Defined in: Adjacency Matrix.

Adjacent or Neighbors

If two nodes u and v are connected by an edge, they are called adjacent or neighbors. If u and v are adjacent, we write u ~ v.

Defined in: Nodes and Edges. See also: Degree.

Average Clustering Coefficient

It's the average of all local clustering coefficients.

$$ \bar{c} = \frac{1}{n} \sum_{u}{c_u}$$

Defined in: Clustering Coeficient. See also: Global Clustering Coefficient.

Average Path Length

The average path length is the average distance between every pair of nodes in a graph.

Defined in: Path Lengths. See also: Distance, Diameter.

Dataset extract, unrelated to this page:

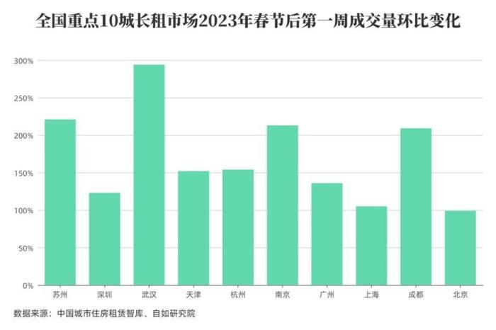 今年春節(jié)期間,中國的旅游、文娛、餐飲等市場明顯升溫,春節(jié)復工后隨著人員流動量增加。智庫和研究院方面認為,住房租賃市場的穩(wěn)步回暖應(yīng)是趨勢。在長租市場成交量整體呈回升趨勢時,新一線城市的增長幅度明顯高于一線城市。智庫和研究院方面分析,環(huán)比春節(jié)前,北京、上海、深圳三大一線城市春節(jié)后第一周成交量環(huán)比提升近100%;而武漢、南京、成都等新一線城市環(huán)比成交量增長近200%,其中武漢增長約300%。

Barabási-Albert Random Graph

The Barabási-Albert Random Graph is a model for generating scale-free networks. It depends on two parameters, $N$, the final number of nodes, and $m$, the new number of links at each time step. Starting with $m$ nodes all joined to each other, at each time step we add a new node until there are a total of $N$ nodes. The links of each new node are formed by choosing among the old ones in proportion to their degree. The probability of a new node linking to an older node with degree $k$ is

$$ \Pi(k) = \frac{k}{\sum_{i} k_i}, $$

where the sum is across all nodes present at the current time step.

Defined in: Barabási-Albert random graph.

Clustering

Clustering refers to the extent to which nodes in a network are tightly-knit.

Defined in: Clustering Coeficient.

Complete graph

A complete graph is a graph that has all possible edges present, i.e., its density is equal to $1$.

Defined in: Graph Density. See also: Density.

Connected Component

A connected component, or simply component, is a set of nodes in which any two are connected by a path. A graph that only has one component is called connected graph

Defined in: Paths and Components. See also: Walk, Cycle, Path.

Connected triad

If three nodes u, v, and w have at least two edges among them, they are called a connected triad.

Defined in: Triangles and Transitivity. See also: Triangle.

Cycle

A cycle is a walk whose starting and ending nodes are the same. It is also called a closed walk.

Defined in: Paths and Components. See also: Walk, Path, Connected Component.

Degree

The number of edges connecting to a node u is called the degree of u.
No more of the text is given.